L’ibridazione di alcune figure professionali e la contaminazione di competenze richieste dal nuovo modello produttivo hanno reso poco efficace una specializzazione per funzioni. Le aziende stanno verificando se il design possa aumentare la produttività.

Tecno, showroom di Varedo, architetto Piero Lissoni,
foto di A. Martiradonna. Sotto KNOLL INTERNATIONAL,
Sistema WA di Piero Lissoni con Marc Krusin e foto di Lissoni di G. Gastel

Attualmente il costo della progettazione, della costruzione, dell’impianto e della gestione di un nuovo spazio di lavoro è di quasi dieci volte inferiore alla spesa per i salari.

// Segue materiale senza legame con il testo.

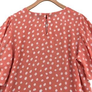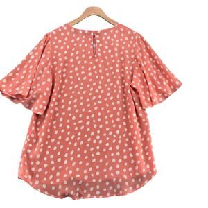 41 Hawthorn Blouse Women Large Pink Polka Dots Flutter Sleeves Career Classic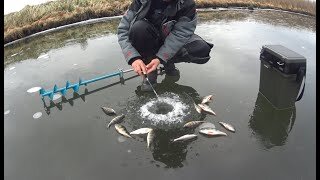 Ловля окуня на безмотылку. Первый лёд всё тоньше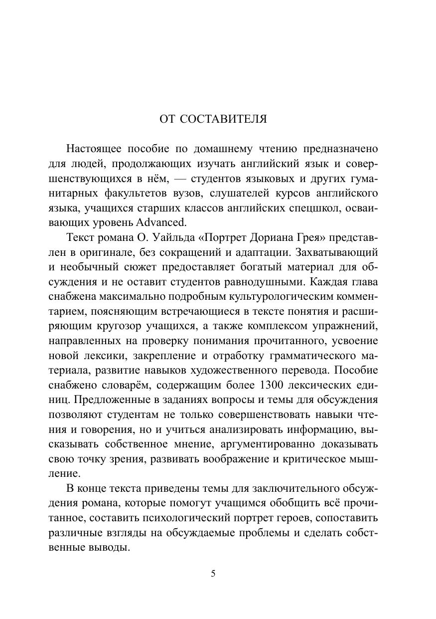 Пособие по домашнему чтению на английском языке, разработанное к оригинальной неадаптированной версии романа О. Уайльда «Портрет Дориана Грея» с самыми полными и подробными культурологическими комментариями к тексту, которые сделают чтение этого увлекательного произведения ещё более интересным. Комплекс упражнений, вопросов для обсуждения и дополнительных заданий помогает формировать и развивать языковые навыки (лексические и грамматические) и речевые умения в таких видах речевой деятельности, как чтение, говорение и письмо. Для студентов, аспирантов и преподавателей филологических факультетов вузов, а также всех изучающих английский язык самостоятельно.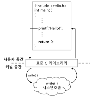 표준 c 라이브러리가 운영체제의 write을 호출하는 방식을 생각하면 이해가 된다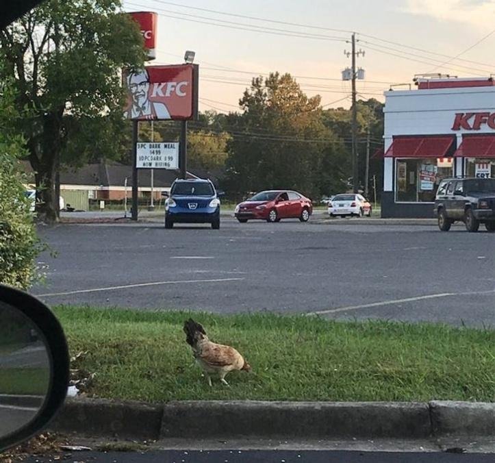 3. Alguém precisa dizer para esta galinha que ela deve ir embora dali com urgência.

La ricerca sull’influenza che il design può avere sulla produttività lavorativa segue tre direttrici: il comfort dell’ambiente di lavoro, la relazione tra design dello spazio e delle dotazioni ed il processo produttivo, l’utilizzo della sede aziendale come elemento di comunicazione interna ed esterna.
Qualità dell’aria, temperatura ambientale, rumore, qualità della luce, ergonomia delle postazioni determinano un miglioramento o una perdita di produttività fino al 25%. Alcuni studi riferiscono che ad un maggior grado di controllo da parte dei singoli lavoratori sulla temperatura, sulla qualità dell’aria, sulla luce ed in genere sulle variabili che influiscono sul comfort complessivo, corrispondono più alti livelli di produttività percepita dagli stessi lavoratori. Nella progettazione della futura fabbrica della produzione immateriale è centrale la ricerca di un equilibrio tra un tipo di design che favorisca la comunicazione e di uno che garantisca la possibilità di concentrazione, tra lo sviluppo di un lavoro di gruppo ed uno più orientato alla produzione solitaria. Il modello di riferimento si è spostato dall’idea di un ufficio capace di rispondere
a cambiamenti tecnologici verso un modello che risponde ai cambiamenti nel tipo e nell’organizzazione del lavoro. L’architetto Pierluigi Cerri ha posto in evidenza la grande responsabilità del committente, dato che il risultato di una progettazione ottimale dipende per il 50% dall’intelligenza del cliente. I ricercatori usano quattro modelli spaziali
di riferimento: “l’accademia, la corporazione, l’agorà, la foresteria”. L’accademia favorisce un processo di apprendimento collettivo. Le soluzioni di arredo incoraggiano la collaborazione e l’intercambiabilità del posto di lavoro.
Nella corporazione la progettazione mette in comunicazione i knowledge worker con le stesse competenze o funzioni aziendali. Lo spazio facilita la condivisione funzionale di conoscenza all’interno dell’ufficio in ambiti professionali e informali.
L’agorà rappresenta una integrazione nella città ed è finalizzata a rendere l’azienda più vicina ai suoi clienti ed al mercato. Questi uffici sono vicini al mercato per cui si lavora, sono spesso dislocati in vecchi edifici e possono essere aperti per lungo tempo. Nel modello della foresteria lavoro e vita sociale tendono a convergere: le postazioni sono pensate per lavoratori che operano in diverse città e necessitano di spazi casa/ufficio per tempi limitati. L’architetto Piero Lissoni, nella foto qui a destra, ha parlato della necessità di lasciare spazi liberi nella progettazione e dell’importanza del mantenimento di “luoghi deputati” atti a svolgere precise funzioni. L’ufficio si può inoltre immaginare come una città, luogo di offerta culturale, luogo commerciale, luogo di incontro: una concezione applicata da Brunello
Cucinelli in un borgo restaurato per la propria azienda che offre eventi culturali al territorio.